BEGIN DATA FOR PROCESSING

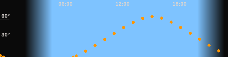 Höchster Stand (Kulmination)16:01 Uhr (h = 63.9°)
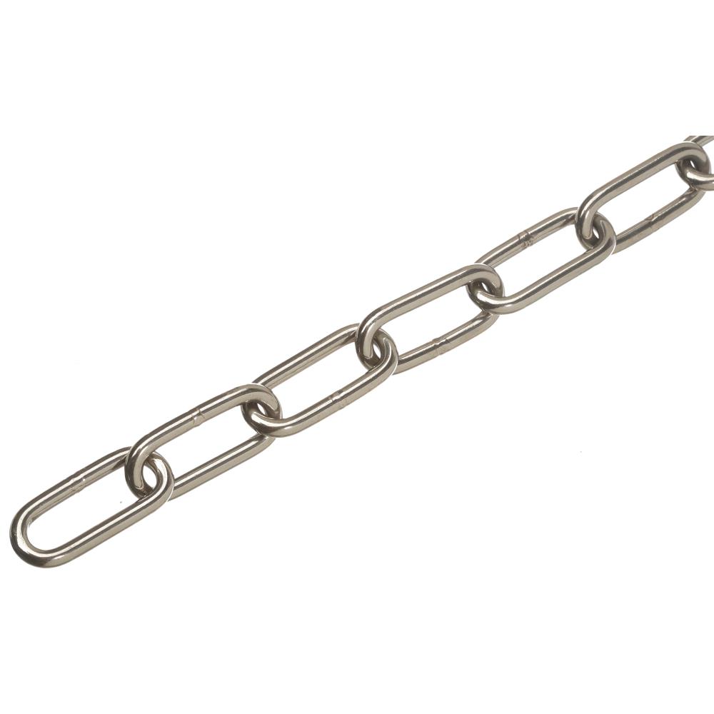 Syrefast, AISI 316 langleddet kæde. I henhold til DIN 763. Ej til løft. Fås i flere dimensioner.
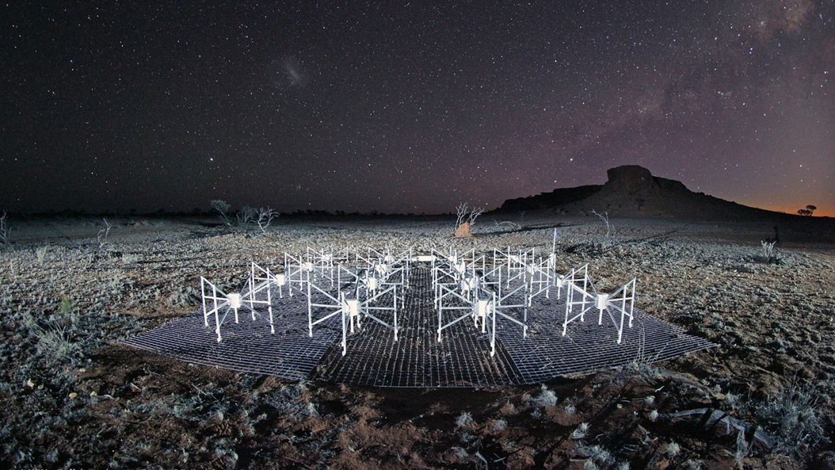 Part of the Murchison Widefield Array at night. Credit: John Goldfield/Celestial Visions
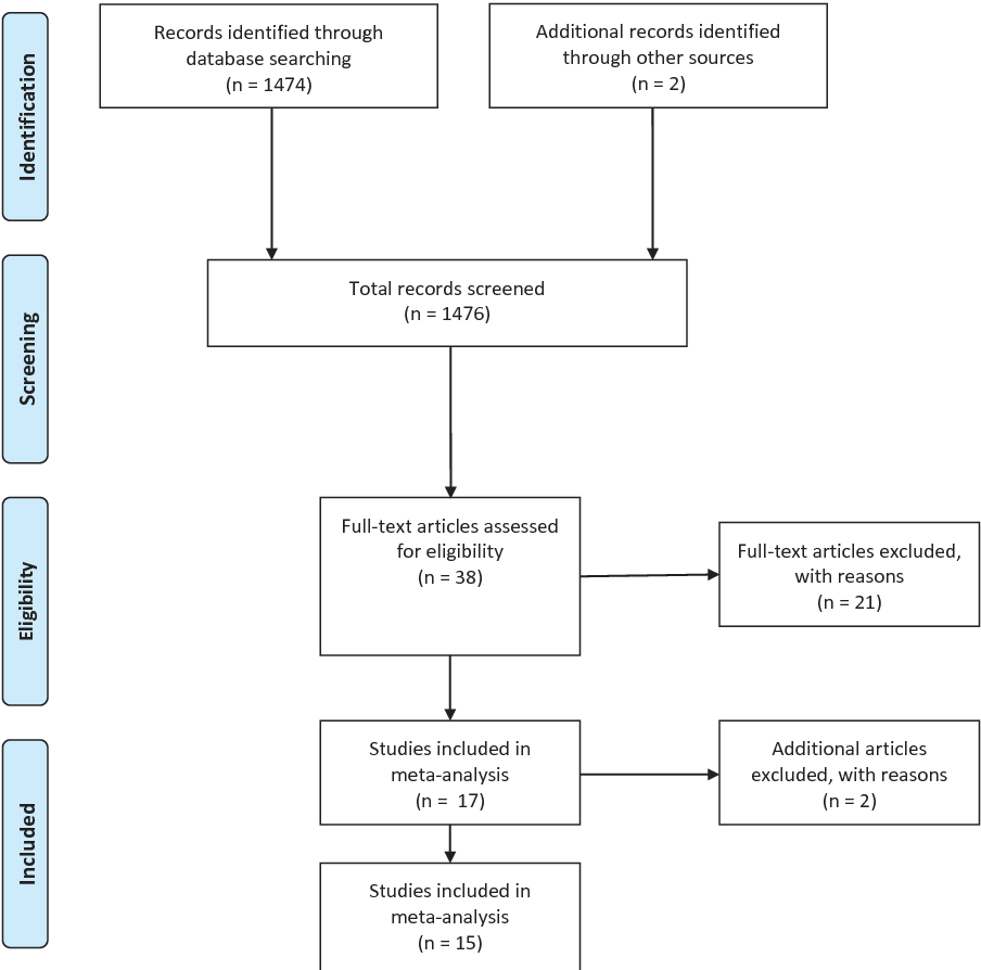 文献検索は英語のみ,データベースは PubMed, Sports Discus, CINAHL からで,検索語句は ‘muscle’, ‘hypertrophy’, ‘growth’, ‘cross sectional area’, ‘fat free mass’, ‘resistance training’, ‘resistance exercise’, ‘multiple sets’, ‘single sets’, ‘volume’, ‘dose response’ とした.1476 件の文献がスクリーニングされ,最終的に 15 件が残った.
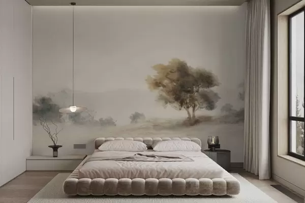 Тапете за зид Минималистички пејзаж са усамљеним дрветом у магли бр. w05223
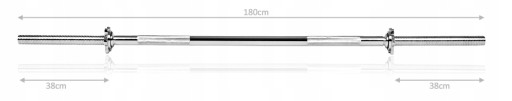 - Długość: 180cm ● Średnica: 25mm ● Waga gryfu: ~7kg
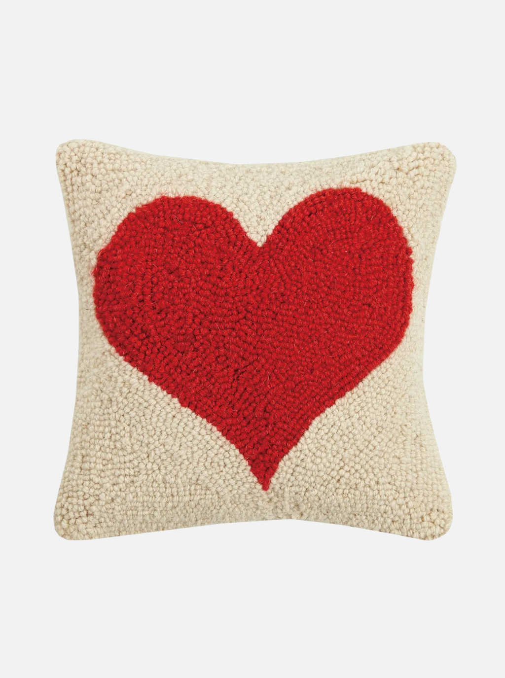 The Heart Hook Pillow adds a sweet Valentine’s touch to any couch, chair, or bed. Its white background with a bold red heart makes it a simple, charming accent for seasonal or everyday styling.
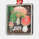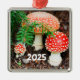 Fotografi av en grupp rödfläcksflugsvampar under gräs träd

END DATA FOR PROCESSING

#### [EXERCISE REQUIREMENTS]
After removing each picture, print the entries above exactly as they were.

#### [REPLY TO THE EXERCISE]
 Höchster Stand (Kulmination)16:01 Uhr (h = 63.9°)
 Syrefast, AISI 316 langleddet kæde. I henhold til DIN 763. Ej til løft. Fås i flere dimensioner.
 Part of the Murchison Widefield Array at night. Credit: John Goldfield/Celestial Visions
 文献検索は英語のみ,データベースは PubMed, Sports Discus, CINAHL からで,検索語句は ‘muscle’, ‘hypertrophy’, ‘growth’, ‘cross sectional area’, ‘fat free mass’, ‘resistance training’, ‘resistance exercise’, ‘multiple sets’, ‘single sets’, ‘volume’, ‘dose response’ とした.1476 件の文献がスクリーニングされ,最終的に 15 件が残った.
 Тапете за зид Минималистички пејзаж са усамљеним дрветом у магли бр. w05223
 - Długość: 180cm ● Średnica: 25mm ● Waga gryfu: ~7kg
 The Heart Hook Pillow adds a sweet Valentine’s touch to any couch, chair, or bed. Its white background with a bold red heart makes it a simple, charming accent for seasonal or everyday styling.
 Fotografi av en grupp rödfläcksflugsvampar under gräs träd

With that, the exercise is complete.